UPWINDING COEFFICIENTS

Zienkiewicz, "The Finite Element Method for Fluid Dynamics", 7th, p30, p50 The simplest form of Convection-Diffusion-Reaction Equation is one in which the unknown is a scalar. It is a set of conservation laws arising from a balance of the quantity with fluxes entering and leaving a control volume: $$ \frac{\partial \phi}{\partial t} +\frac{\partial (U_i \phi)}{\partial x_i} - \frac{\partial}{\partial x_i} \left( k\frac{\partial \phi}{\partial x_i} \right) +Q =0 $$ \(U_i\) is a known velocity field and \(\phi\) is a scalar quantity being transported by this velocity. Diffusion can also exist and \(k\) is the diffusion coefficient.
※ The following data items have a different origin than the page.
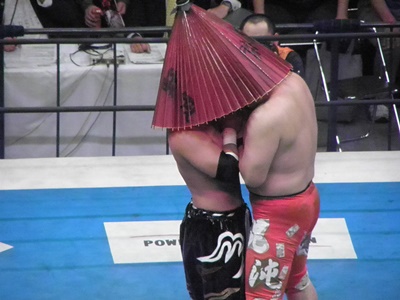 神戸と同様に番傘でミストをブロックしようとする矢野、TAJIRIもそれを読んでフェイント(左写真)。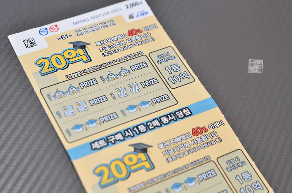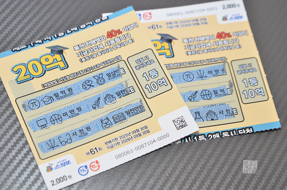 새롭게 디자인된 스피또2000 61회에는 '복권 판매액의 40% 이상이 기금 사업에 사용됩니다(복권기금 꿈사다리 장학사업 등)'이라고 적혀 있는데… 그런 좋은 취지에 돈을 쓴다는 생각으로 복권을 소량 구매하는 건 절대 나쁜 일이 아니라고 생각한다. 아쉽게도 4천 원치 구매한 스피또2000 61회는 모두 꽝이 되고 말았다.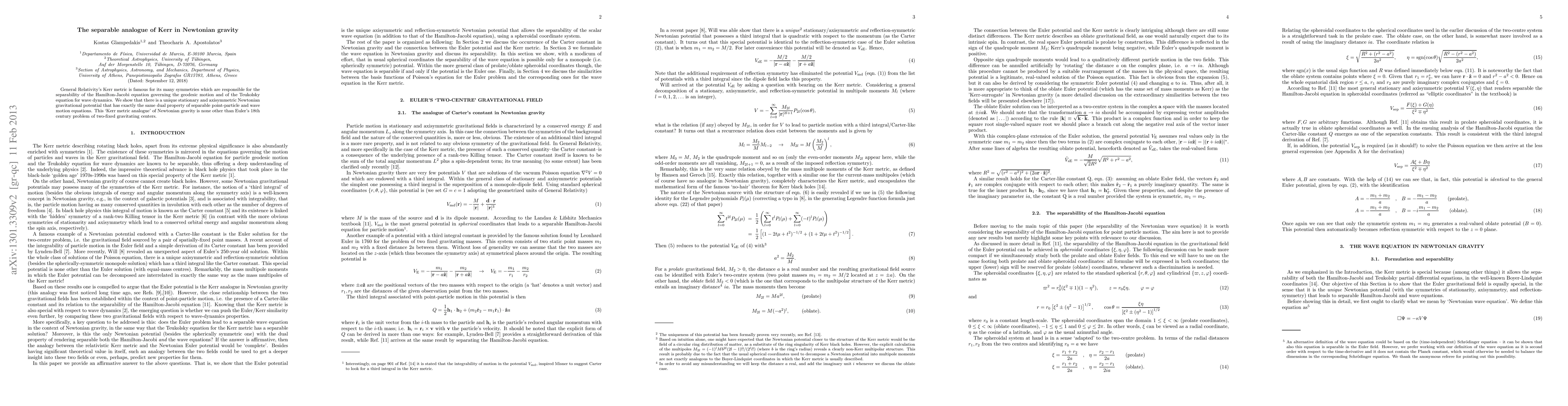 General Relativity's Kerr metric is famous for its many symmetries which are responsible for the separability of the Hamilton-Jacobi equation governing the geodesic motion and of the Teukolsky equation for wave dynamics. We show that there is a unique stationary and axisymmetric Newtonian gravitational potential that has exactly the same dual property of separable point-particle and wave motion equations. This `Kerr metric analogue' of Newtonian gravity is none other than Euler's 18th century problem of two-fixed gravitating centers.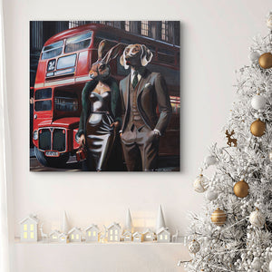 Description Set against the unmistakable silhouette of Big Ben and the Houses of Parliament, Dogman and Rabbitwoman glide through London on a bright red tandem bike. In this vibrant pop-art piece, Rabbitwoman beams as she enjoys the ride, while Dogman steers them forward with purpose. Their journey through the iconic cityscape reflects love, trust, and a shared spirit of adventure — a reminder that life is more fun when we take turns leading the way.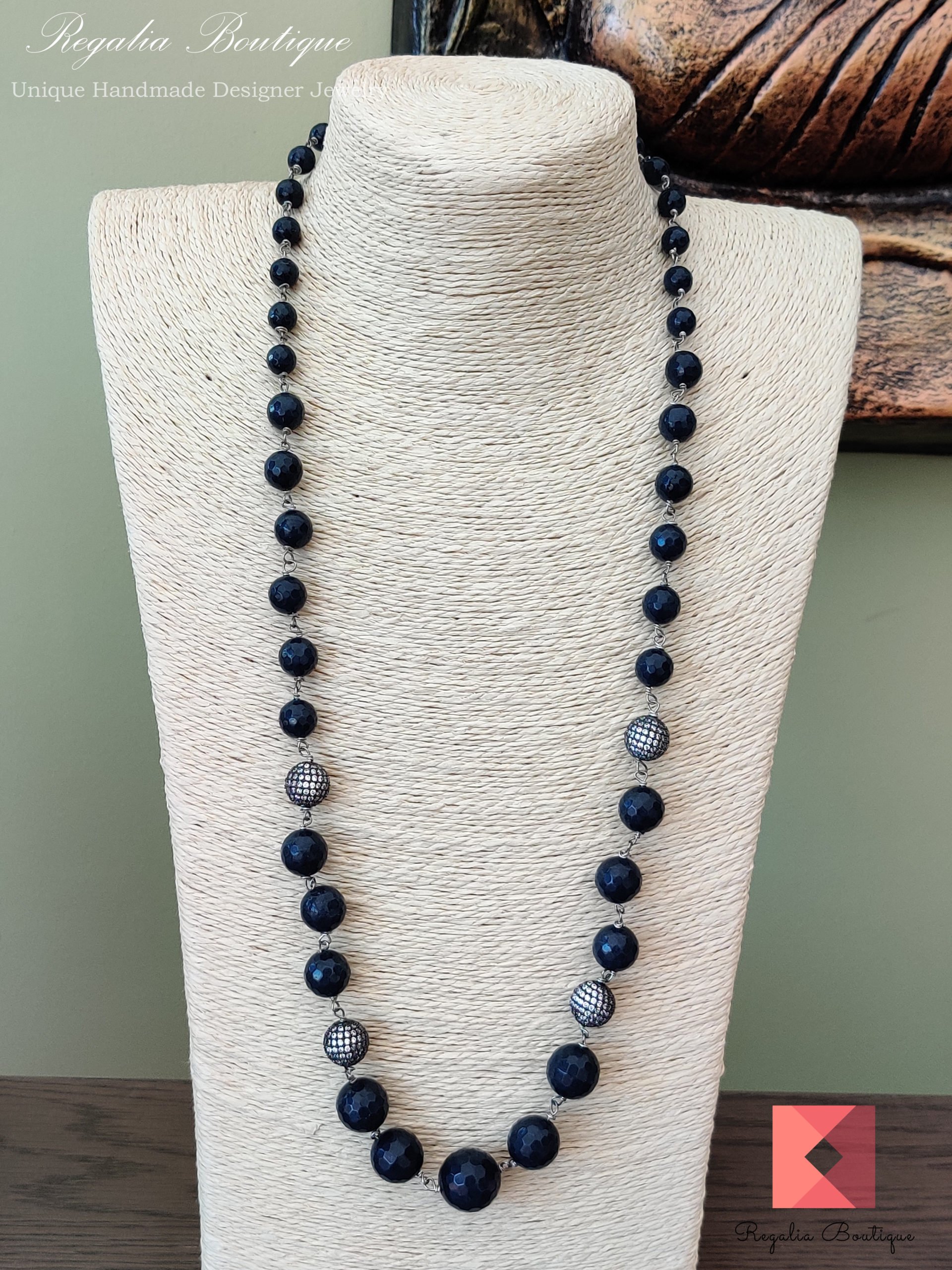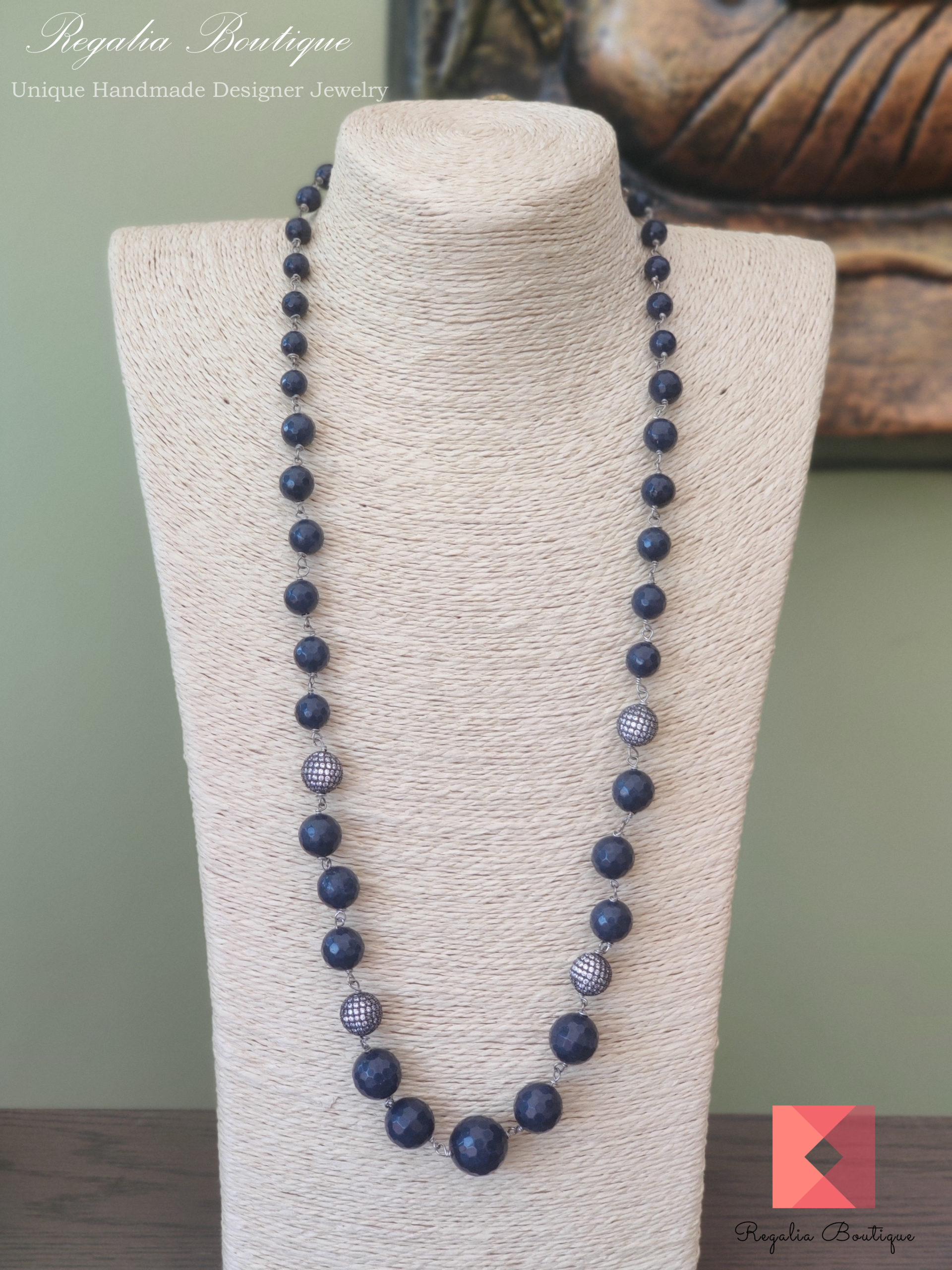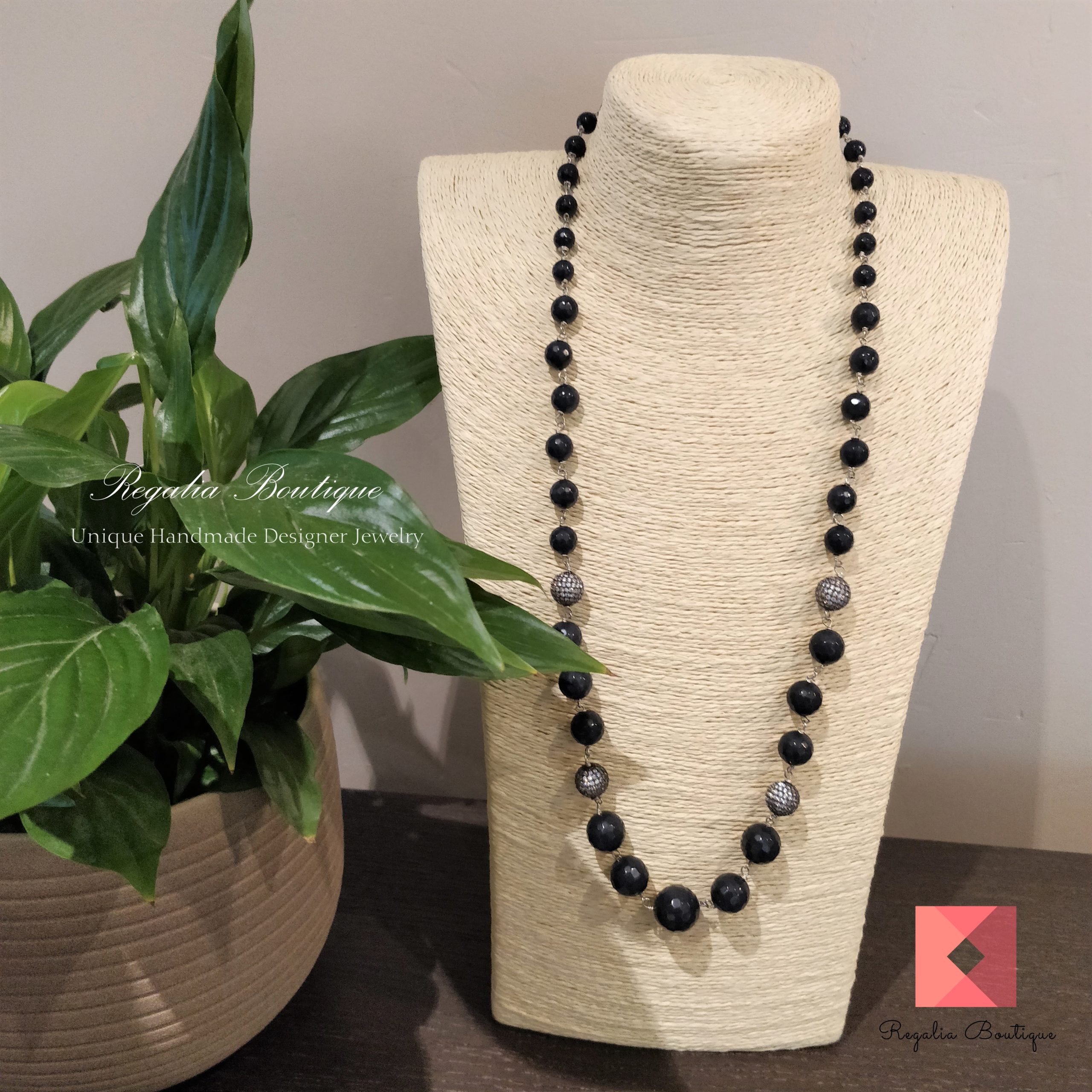 Sparkle with this dark grey coloured semi-precious bead necklace combined with american beads, it instantly adds glamour and contemporary look to your outfit.
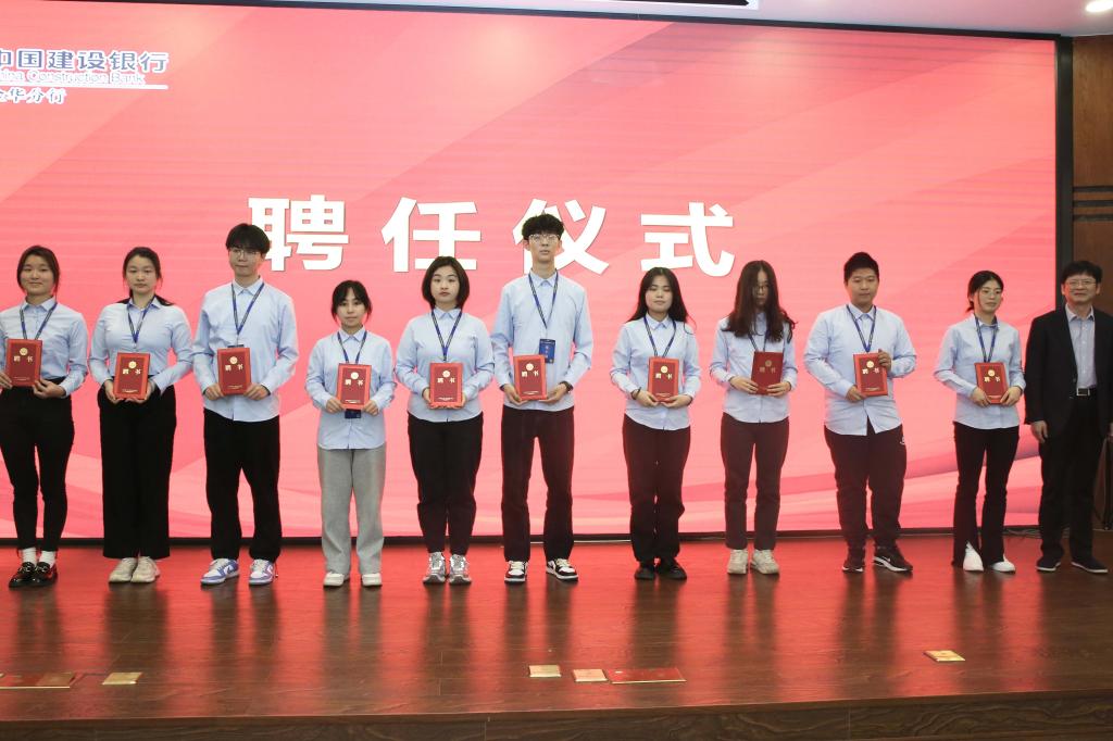 邱风在聘任仪式上致辞。他首先感谢中国建设银行金华分行对学院人才培养工作的大力支持,对各位行员的成功应聘表示祝贺。邱风对新一届行员们寄予了厚望,提出了三点要求:一是要学会主动探索、激发创造;二是要善于思考洞察、协作沟通;三是要坚持砥砺奋斗、勇于实践。卢根喜发表讲话。他对新行员的加入表示由衷的祝贺,并勉励行员们要坚定理想信念,勇担时代责任,锻造过硬本领。把自己融入校园e金服经营发展中,实现自身与校园e金服的共同成长。校园e金服第四届行长熊敏发言,她表示将珍惜宝贵的学习机会,与行员们共同努力、互帮互助,加强学习、厚积薄发,不断成长成才。卢根喜为各位行员颁发聘书和行员证。

The term \(Q\) represents any external sources of the quantity \(\phi\).

Using the fact that \(h/L\ll 1\), that the fluid is Newtonian, and that the viscosity and density are constant through the film direction, the following Reynolds equation is obtained: $$ \frac{\partial }{\partial x}\left(\frac{\rho h^3}{12\mu}\frac{\partial p}{\partial x} \right) + \frac{\partial }{\partial y}\left(\frac{\rho h^3}{12\mu}\frac{\partial p}{\partial y} \right)= \\ \frac{1}{2}\frac{\partial }{\partial x}\left[ \left(U_1+U_2\right)\rho h \right]+ \frac{1}{2}\frac{\partial }{\partial y}\left[ \left(V_1+V_2\right)\rho h \right]+ \frac{\partial }{\partial t}\left(\rho h \right) $$ Identifying the different terms leads to: $$ k=\frac{\rho h^3}{\mu} \text{ ; } \phi = p \text{ ; } U_i = 6 v_i h\frac{\partial \rho}{\partial p} \text{ with } \boldsymbol{v}= \begin{pmatrix} U_2 \\ V_2 \end{pmatrix} $$

Reynolds conf.

In the bidimensional case, the Peclet parameter is a vector: $$ \boldsymbol{Pe} = \frac{1}{k} \left( \boldsymbol{U}\frac{Le}{2} \right)= \begin{pmatrix} Pe_x \\ Pe_y \end{pmatrix} $$ where \(Le\) is the element length. The Peclet numbers of the Reynolds equation are therefore defined as: $$ Pe_x = \frac{6\mu(Le/2) U_2}{\rho h^2} \frac{\partial \rho}{\partial p} \\ Pe_y = \frac{6\mu(Le/2) V_2}{\rho h^2} \frac{\partial \rho}{\partial p} $$ The optimal upwinding coefficient is: $$ \alpha = \coth{Pe} -\frac{1}{Pe} $$ with \(Pe=||\boldsymbol{Pe}||\)

alpha function

Using Zienkiewicz scheme:

element length z

which can be adapted like this:

element length

PRECOMPUTED INTEGRATION PARTS

\[ x(\xi,\eta) = \sum\limits_{nodes \; i} x_i \times N_{i}(\xi,\eta) \\ y(\xi,\eta) = \sum\limits_{nodes \; i} y_i \times N_{i}(\xi,\eta) \] Let \(c_i\) be defined by: \[ c_1 = \frac{\partial x}{\partial \xi } \; ; \; c_2 = \frac{\partial y}{\partial \xi } \; ; \; c_3 = \frac{\partial x}{\partial \eta} \; ; \; c_4 = \frac{\partial y}{\partial \eta} \\ c_5 = det \begin{pmatrix} c_1 & c_2 \\ c_3 & c_4 \end{pmatrix} = c_1 c_4 - c_2 c_3 \] It must be remembered that the functions are first order, *ie* the \(x\) derivative with respect to \(\xi\) only depends on \(\eta\).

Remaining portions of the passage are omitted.